Desktop and application virtualization constitutes an increasingly popular way for enterprises to reduce capital expenditures (CapEx) and operating expenses (OpEx), improve efficiency, increase control, and expand connectivity. With virtual desktops, users now access their desktop images hosted on a data center server as virtual machines, which can be accessed from laptops, thin clients, smartphones, and other devices.
Although desktop virtualization has existed for many years, many implementers of the technology have discovered that significant hurdles need to be overcome to fully reap its benefits.
Challenges of Transforming the Desktop
The CapEx Hurdle
First, many customers immediately encounter a significant CapEx hurdle when sizing their infrastructure to handle this new workload. Significant investment is often required in the data center shared storage infrastructure, as well as costs for scaling server capacity and networking. These hardware costs can easily represent over 50 percent of the total solution cost in some use cases.

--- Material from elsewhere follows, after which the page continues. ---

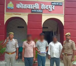 गाजीपुर। बीते दिनों सैदपुर थाना क्षेत्र अंतर्गत ग्राम टोडरपुर में आपसी रंजिश के चलते हुई फायरिंग के मामले में पुलिस को सफलता मिली है। पुलिस ने वारदात को अंजाम देकर फरार चल रहे तीन वांछित अभियुक्तों को गिरफ्तार कर लिया है। इनके कब्जे से एक देशी तमंचा .315 बोर, एक ज़िंदा कारतूस और स्प्लेंडर प्लस मोटरसाइकिल बरामद की गई है।

Putting Everything Together
Additionally, desktop virtualization is a multilayered solution, requiring often disparate solution elements spanning virtualized infrastructure, desktop and application virtualization software, connection brokers, display protocols, access and authentication, and user persona management to work together in a cohesive solution. The associated complexity required to integrate a multifaceted solution creates an escalating OpEx equation for customers as they try to manage everything.
The Performance Chasm
Many organizations that manage to deliver a successful pilot or proof-of-concept (PoC) environment are subsequently tasked with expanding that initial success into a full-scale production environment and are then confronted with the challenge of how to optimally size and scale their infrastructure. Crossing the chasm between a successful pilot deployment and a high-performance production deployment at scale involves a balancing act, with the associated risk of either oversizing the environment and wasting CapEx or undersizing the infrastructure and delivering a poor user experience that does not replicate the success experienced in the pilot phase.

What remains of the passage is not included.